I have seen and executed a python program where a matrix has been sliced into a column vector using a[:,j] and passed into a function. The column vector has dimensions 40000x1. While tracing the output, I printed the dimensions of a in the function and it printed (40000,). In the function, this matrix is multiplied with a matrix b of dimensions 1x40000. I printed the dimensions of the result and it says the result is also 1x40000. How is this possible? I have read that a will be a column vector(obviously) but how can the product generate a 1x40000 matrix? It doesn't satisfy the matrix multiplication rule. I'm using numpy.
EDIT:
Code:
def update_state(xk, sk, wx, wRec):
print("Sizes:")
print(xk.shape)
print(wx.shape)
print((xk*wx).shape)
print((xk * wx + sk * wRec).shape)
return xk * wx + sk * wRec
def forward_states(X, wx, wRec):
S = np.zeros((X.shape[0], X.shape[1]+1))
for k in range(0, X.shape[1]):
S[:,k+1] = update_state(X[:,k], S[:,k], wx, wRec)
return S
Output:
Sizes:
(40000,)
(1, 40000)
(1, 40000)
(1, 40000)
I am assuming that you are referring to the numpy package. There are other array packages available for Python, but that seems to be the most popular one.
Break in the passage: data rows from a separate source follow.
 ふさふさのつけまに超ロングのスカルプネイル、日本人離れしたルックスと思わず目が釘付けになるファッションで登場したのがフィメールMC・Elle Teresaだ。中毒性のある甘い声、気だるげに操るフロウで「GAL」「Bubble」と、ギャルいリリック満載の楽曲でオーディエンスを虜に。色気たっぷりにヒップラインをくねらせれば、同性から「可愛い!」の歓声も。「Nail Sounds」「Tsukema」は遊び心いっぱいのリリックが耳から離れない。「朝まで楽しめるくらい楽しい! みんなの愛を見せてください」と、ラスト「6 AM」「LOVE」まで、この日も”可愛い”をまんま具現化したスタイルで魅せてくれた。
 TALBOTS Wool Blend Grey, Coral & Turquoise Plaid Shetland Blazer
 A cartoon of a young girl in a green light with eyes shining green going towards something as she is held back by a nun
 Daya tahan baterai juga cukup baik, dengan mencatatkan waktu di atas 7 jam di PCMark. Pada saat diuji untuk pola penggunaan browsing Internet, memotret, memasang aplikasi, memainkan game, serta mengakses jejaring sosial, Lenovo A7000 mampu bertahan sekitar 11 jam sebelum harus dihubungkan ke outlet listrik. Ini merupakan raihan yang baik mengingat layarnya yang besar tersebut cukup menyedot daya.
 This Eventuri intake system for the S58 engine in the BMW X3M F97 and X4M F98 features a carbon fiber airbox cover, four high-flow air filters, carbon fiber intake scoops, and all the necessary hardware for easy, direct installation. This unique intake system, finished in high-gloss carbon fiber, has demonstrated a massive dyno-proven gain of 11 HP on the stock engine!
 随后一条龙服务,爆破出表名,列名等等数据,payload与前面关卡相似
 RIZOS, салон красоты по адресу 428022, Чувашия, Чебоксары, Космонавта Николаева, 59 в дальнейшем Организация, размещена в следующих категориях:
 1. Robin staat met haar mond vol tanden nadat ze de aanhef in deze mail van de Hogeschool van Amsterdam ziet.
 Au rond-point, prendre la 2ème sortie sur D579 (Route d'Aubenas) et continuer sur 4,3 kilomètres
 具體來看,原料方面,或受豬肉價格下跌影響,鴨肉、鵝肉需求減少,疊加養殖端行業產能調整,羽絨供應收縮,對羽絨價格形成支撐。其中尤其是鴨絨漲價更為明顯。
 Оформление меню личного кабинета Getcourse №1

numpy deals with multidimensional arrays, not matrices. There is a big difference in that a 1D array of N elements can be interpreted as either a Nx1 or a 1xN matrix, depending on how you choose to interpret it.
Another thing to be aware of is that the function numpy.multiply, a.k.a. the * operator is not the same as numpy.dot, a.k.a the @ operator. The operations involving * you see in your code do element-by element multiplication, not matrix multiplication as you seem to think.
numpy provides a number of different mechanisms for mapping elements of arrays with compatible dimensions to each other. The most common way, which is being used in your example, is called broadcasting.
Let us apply the information in the link to the operation kx * wx in your code. I will use a simplified version of kx and wx that will make it easier to illustrate the issue at hand:
>>> kx = np.arange(10)
>>> kx
array([0, 1, 2, 3, 4, 5, 6, 7, 8, 9])
>>> kx.shape
(10,)
>>> wx = np.arange(10).reshape(1, 10)
>>> wx
array([[0, 1, 2, 3, 4, 5, 6, 7, 8, 9]])
>>> wx.shape
(1, 10)
Here is a condensed version of the relevant broadcasting rules:
When operating on two arrays, NumPy compares their shapes element-wise. It starts with the trailing dimensions, and works its way forward. Two dimensions are compatible when:
- they are equal, or
- one of them is 1
... The size of the resulting array is the maximum size along each dimension of the input arrays.
In your case, a (N,) array is multiplied by a (1,N) array, resulting in a (1,N) array that contains the element-wise product of the inputs:
>>> >>> kx*wx
array([[ 0, 1, 4, 9, 16, 25, 36, 49, 64, 81]])
This has nothing to do with matrix multiplication. The remaining operations can be analyzed by the same rules.